PIT komunalny – budowanie wspólnoty opartej na pieniądzach

Gdy podatnik zobaczy, ile łoży na gminę, będzie miał większą motywację do angażowania się w sprawy lokalne.

Publikacja: 20.03.2014 09:00

Uczestnicy debaty: (od lewej) Agata Dąmbska, współzałożycielka Forum Od-nowa; Andrzej Porawski, dyre

Uczestnicy debaty: (od lewej) Agata Dąmbska, współzałożycielka Forum Od-nowa; Andrzej Porawski, dyrektor Biura Związku Miast Polskich; dr Michał Bitner, Uniwersytet Warszawski; Krzysztof Lutostański, wiceprezes Fundacji Rozwoju Demokracji Lokalnej, Michał Cyrankiewicz, „Rzeczpospolita”.

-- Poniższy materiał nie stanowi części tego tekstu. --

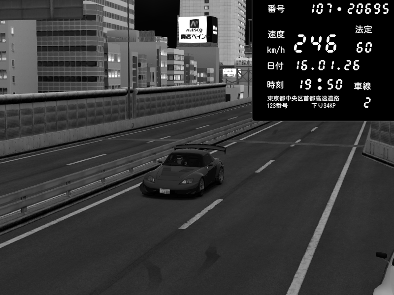 | 2026/01/16 16:53 | C1外回り 芝公園 | 235 / 60 km/h | ナイトシフト | Honda S2000 (AP2 - Legendary) | CAPTURE |

Foto: Fotorzepa, Robert Gardziński Robert Gardziński

Czym powinien być nowy samorządowy podatek dochodowy od osób fizycznych? Czy ma to być narzędzie fiskalne służące wyłącznie zwiększeniu dochodów jednostek samorządu terytorialnego? A może przede wszystkim powinno to być narzędzie inżynierii społecznej? Sposób na aktywizację społeczności lokalnych? Na zmianę myślenia o samorządzie terytorialnym, która spowoduje, że gmina będzie bardziej identyfikowana ze wspólnotą mieszkańców mających realny wpływ na jej sprawy niż – jak jest obecnie – z organami władzy publicznej?

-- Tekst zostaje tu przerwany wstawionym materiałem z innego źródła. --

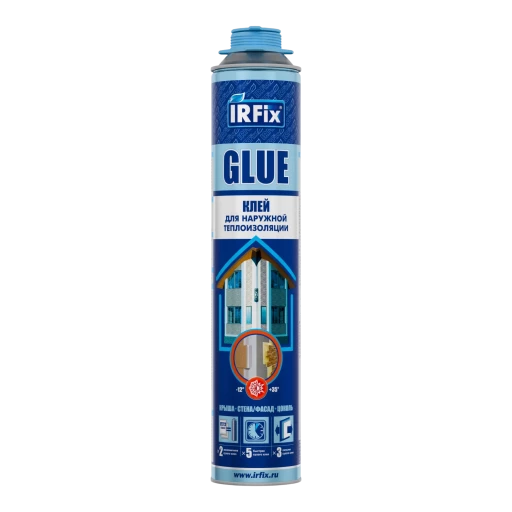 Высококачественный однокомпонентный полиуретановый клей-пена IRFix GLUE для наружной теплоизоляции используется для монтажа ЕРS и ХРS плит на различные строительные основания. Не требует предварительного замешивания.

Odpowiedzi na te i wiele innych pytań poszukiwali uczestnicy drugiej samorządowej debaty „Rzeczpospolitej", poświęconej możliwościom wprowadzenia tzw. PIT samorządowego (komunalnego; lokalnego), która odbyła się 18 marca 2013 r. w siedzibie gazety przy ul. Prostej 51 w Warszawie.

Francuski łącznik

Zanim rozpoczniemy dyskusję o PIT komunalnym, trzeba odpowiedzieć na pytanie, czym podatek dochodowy od osób fizycznych jest dla samorządów obecnie.

– To mechaniczna redystrybucja, na którą samorząd nie ma żadnego wpływu – ocenia Andrzej Porawski dyrektor Biura Związku Miast Polskich. –  Co więcej, wbrew temu, co zapisano w ustawie, obecnie nie jest on żadnym dochodem własnym jednostek samorządu terytorialnego (dalej: j.s.t.). To tylko udział we wpływach z podatku dochodowego od osób fizycznych, które trafiają do budżetu państwa i stamtąd są transferowane do samorządu – mówi samorządowiec.

Wynika z tego, że dochód j.s.t. z PIT powinien być traktowany jako część subwencji.

Dlaczego tak się nie stało? Po prostu w konstytucji z 1997 r. ustawodawca zapisał, że dochody samorządu terytorialnego dzielą się na dochody własne, subwencje oraz dotacje.

– W konsekwencji ustawodawca dopisał właśnie udział w PIT do dochodów własnych samorządu, sztucznie powiększając w powszechnym odbiorze pulę dochodów własnych samorządów. Zwłaszcza zaś gmin – wyjaśnia Andrzej Porawski.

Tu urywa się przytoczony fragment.